Also, I want to know if I’m right thinking that Silva 138.1 database is an OTU-based one, but not ASV-based. So my taxonomic assignment could be better if I use ASV-based database instead of the other. In theory, OTUs are groups of biological sequence so Dr. Callahan released the sequences within OTUs. Am I right?
These will not be exactly the same as what dada2 and SILVA provide: we perform some additional QC steps as described in this tutorial:
Yes, the NR99 sequences are clustered at 99% to reduce redundancy. It is possible to create a 100% unique (ASV) database using RESCRIPt in QIIME 2, as described in that tutorial above.
that level of resolution might not matter for taxonomy classification. The idea of ASVs is to allow mapping of unique sequence variants that theoretically represent subspecies-level variation. Taxonomic classification smooths over this variation to some degree, by mapping ASVs or OTUs to the nearest known reference taxonomy. An ASV database would most likely be redundant unless if the subspecies-level variants are annotated as such (e.g., strain ID) — though this would not be practically useful either since 16S (even full-length) does not fully resolve at subspecies level (this is why I refer to ASVs as “theoretically” subspecies variants — they are, but you cannot use 16S to distinguish true strains).

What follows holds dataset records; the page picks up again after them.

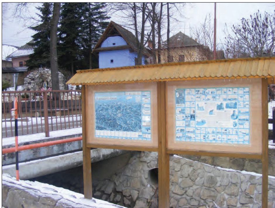
Pôvodná architektúra na obr. v pozadí, The original architecture in the background of the picture, Oryginalna architektura zdjecie, Архитектурные особенности

There are also produced hails mainly from barley by the peeler. In front of the peeler there was a „trajer“ – where the grain was cleaned from the darnel weeds (and it was adjusted to the next appropriate sowing)
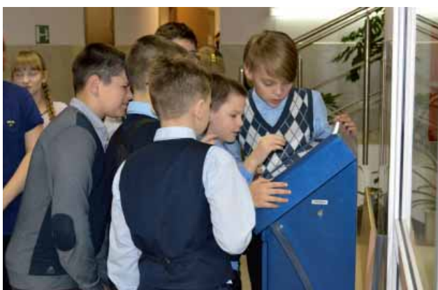
Ребята изучают информационный киоск
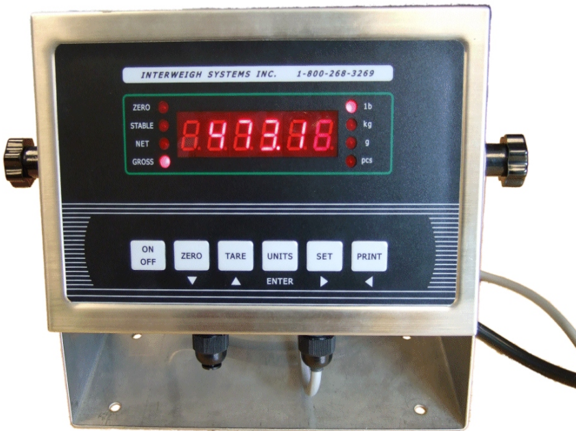
Typical ISI-799 model / Modèle ISI-799 typique

But you could certainly build a SILVA ASV database following the tutorial above, and test the level of resolution you get on your own data
Really awesome!! I and my short peruvian group are going to work with RESCRIPt to create a costumized database. But, our weakness is that we don’t have a server so we are working at google cloud. Recentely, a RESCRIPt docker container was created by my collaborator (GitHub - gadgrandez/qiime2-rescript) and we are going to compare with other methods. Thanks a lot!!
Awesome!! So if we would improve the converted ASV-based SILVA database with a curated species-level NCBI-RefSeqs with RESCRIPt and, then, we add ASVs from other 16S SRA studies with their taxonomy assignation, so we can improve my taxonomic resolution and assigment for my specific ecosystem!!
Thanks a lot for the idea. I’ve read RESCRIPt’s paper and taken a look in q2-clawback, I definitely want to use it. However, I’m blocked trying to convert OTU-based SILVA database. You mentioned that It is possible to do this in Rescript, but I don’t have any idea how to start doing this (What command line?). Because the paper mention all the procedure in OTUs. Could you please give me some advice??
Hi @fellora ,
The tutorial above shows how to make such an ASV database (dereplicate but do not cluster the sequences). Likewise, this is how the sequences and pre-trained classifiers shared on the QIIME 2 data-resources page are created.